Dataset entries:

────────

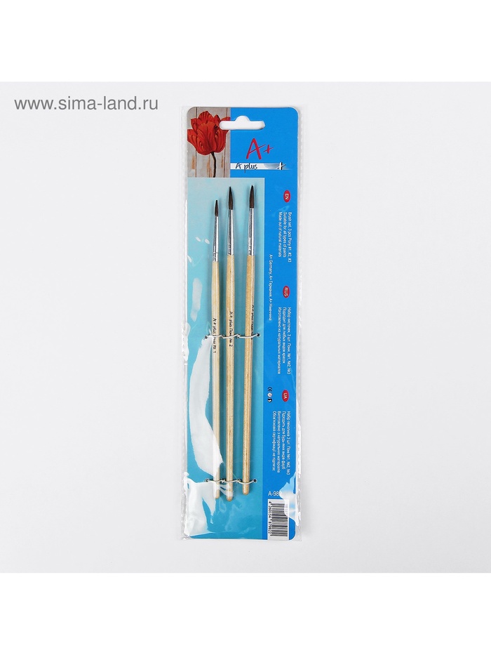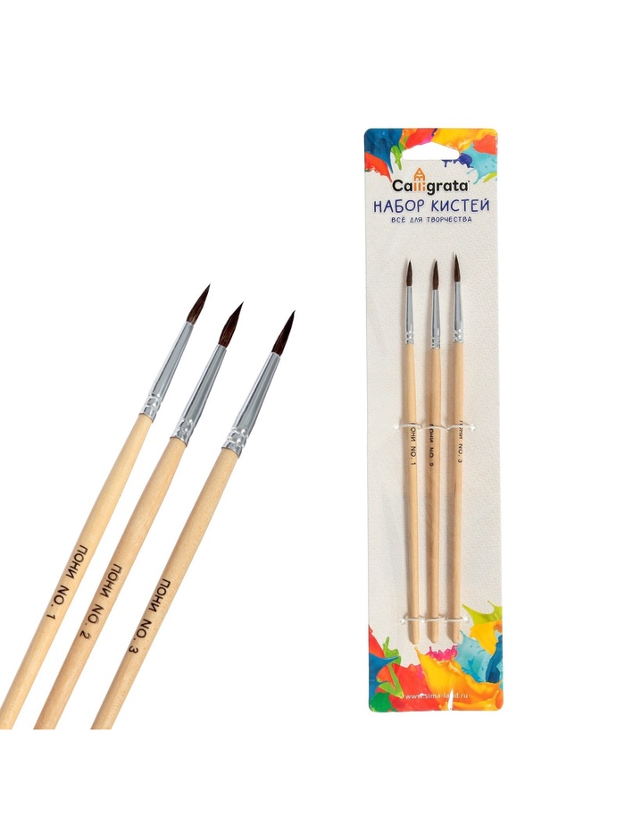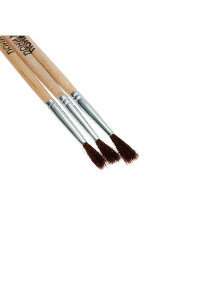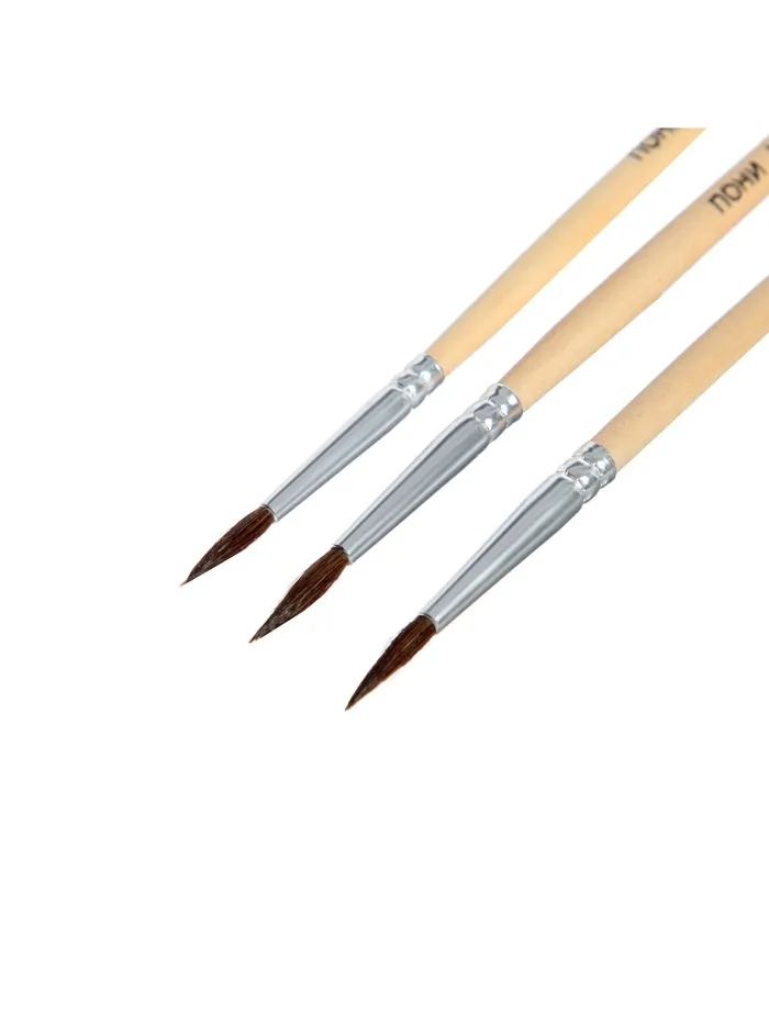 Набор кистей пони 3 штуки: № 1, 2, 3, круглые, с деревянными ручками, в блистере — Характеристики
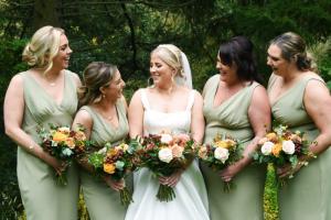 The theme was autumnal, fitting with our October wedding and the colours were red, oranges and greens. My four bridesmaids – who I ‘proposed’ to with little gift boxes – wore sage green gowns from Pretty Lavish.
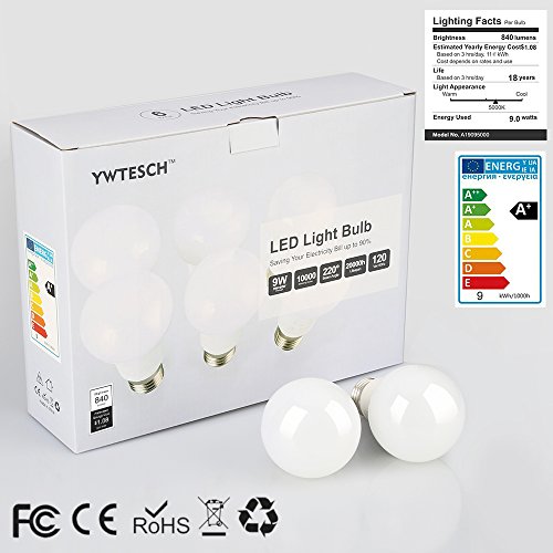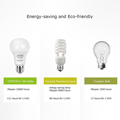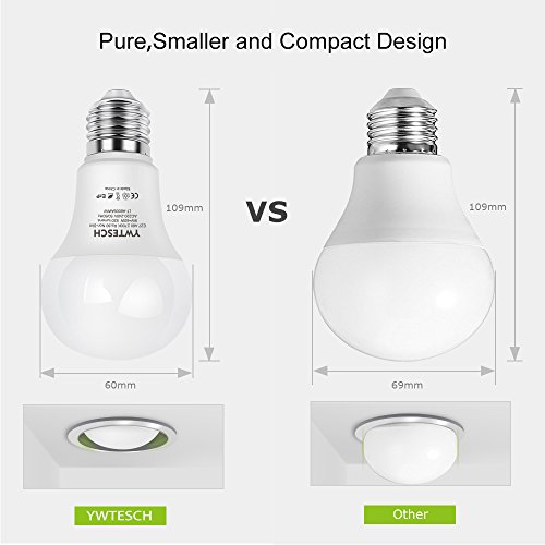 A19 LED Light Bulbs YWTESCH 9W (60W Equivalent) Non-Dimmable 5000K Daylight, 840-Lumen, E26 Medium Base, 220 Degree Beam Angle, Pack of 6
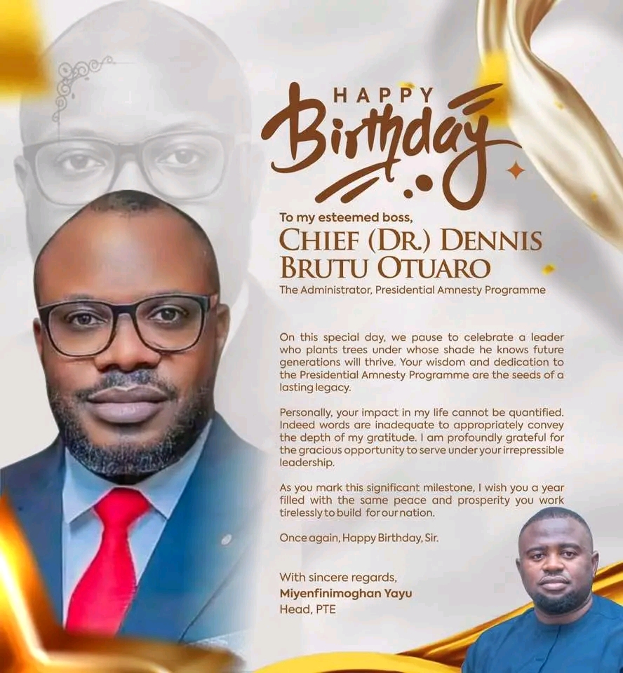 The Administrator of the Presidential Amnesty Programme (PAP), Chief (Dr.) Dennis Brutu Otuaro, Ph.D., has continued to receive glowing tributes from staff and associates as he marks his birthday.
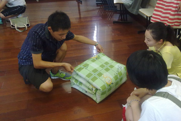 军人出身的王俊杰老师和上海公安边防总队的现役军人刘教官现场示范,亲自指导。一床软软的棉被在二位教官的手中瞬间变得整齐有型,赢得学生们的阵阵喝彩!看完教官的示范,学生们个个摩拳擦掌,迫不及待的想要一展身手!
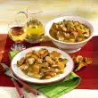 Heat butter in a pot. Sauté shallots and potatoes in it. Gradually add 1/4 litre stock and simmer for 12-15 minutes. In the meantime grate parmesan finely. Mix salad and orange vinaigrette. Add orange slices and fold in carefully. Fold the parmesan into the potato risotto. Take the legs out of the oven and keep warm. Deglaze the meat with sherry and the rest of the orange juice. Place in a saucepan and skim off the fat. Bring sauce to the boil. Season with salt and pepper. Arrange everything together and garnish with orange peel, pink berries and mugwort
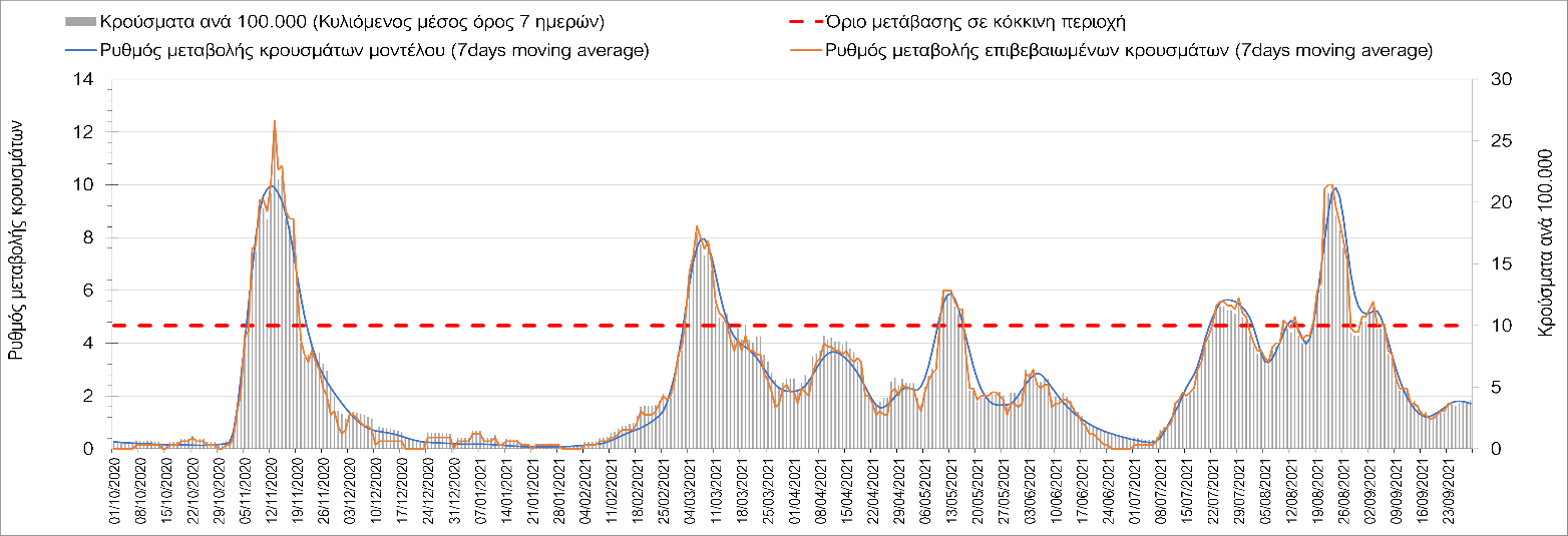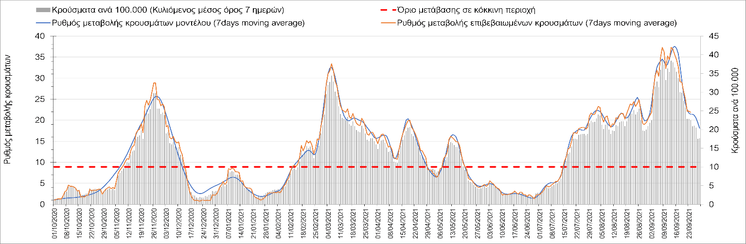 Σε πανελλαδικό επίπεδο ο κυλιόμενος εβδομαδιαίος μέσος όρος του δείκτη θετικότητας διαμορφώθηκε στο 1,3% (η ημερήσια τιμή είναι 0,9%) ενώ ο κυλιόμενος εβδομαδιαίος μέσος όρος του πραγματικού αριθμού αναπαραγωγής Rt (δηλαδή ο αριθμός των ατόμων που ένας φορέας μπορεί να επιμολύνει) μειώθηκε και διαμορφώθηκε στο 1,01 (Rt πάνω από τη μονάδα υποδηλώνει καθαρή αύξηση της διασποράς του ιού στην κοινότητα).

────────

The lines from the one holding "军人出身的王俊杰老师和上海公" to the final line of the entries are to be duplicated exactly, and the pictures are to be left out.

§ **Result**
 军人出身的王俊杰老师和上海公安边防总队的现役军人刘教官现场示范,亲自指导。一床软软的棉被在二位教官的手中瞬间变得整齐有型,赢得学生们的阵阵喝彩!看完教官的示范,学生们个个摩拳擦掌,迫不及待的想要一展身手!
 Heat butter in a pot. Sauté shallots and potatoes in it. Gradually add 1/4 litre stock and simmer for 12-15 minutes. In the meantime grate parmesan finely. Mix salad and orange vinaigrette. Add orange slices and fold in carefully. Fold the parmesan into the potato risotto. Take the legs out of the oven and keep warm. Deglaze the meat with sherry and the rest of the orange juice. Place in a saucepan and skim off the fat. Bring sauce to the boil. Season with salt and pepper. Arrange everything together and garnish with orange peel, pink berries and mugwort
 Σε πανελλαδικό επίπεδο ο κυλιόμενος εβδομαδιαίος μέσος όρος του δείκτη θετικότητας διαμορφώθηκε στο 1,3% (η ημερήσια τιμή είναι 0,9%) ενώ ο κυλιόμενος εβδομαδιαίος μέσος όρος του πραγματικού αριθμού αναπαραγωγής Rt (δηλαδή ο αριθμός των ατόμων που ένας φορέας μπορεί να επιμολύνει) μειώθηκε και διαμορφώθηκε στο 1,01 (Rt πάνω από τη μονάδα υποδηλώνει καθαρή αύξηση της διασποράς του ιού στην κοινότητα).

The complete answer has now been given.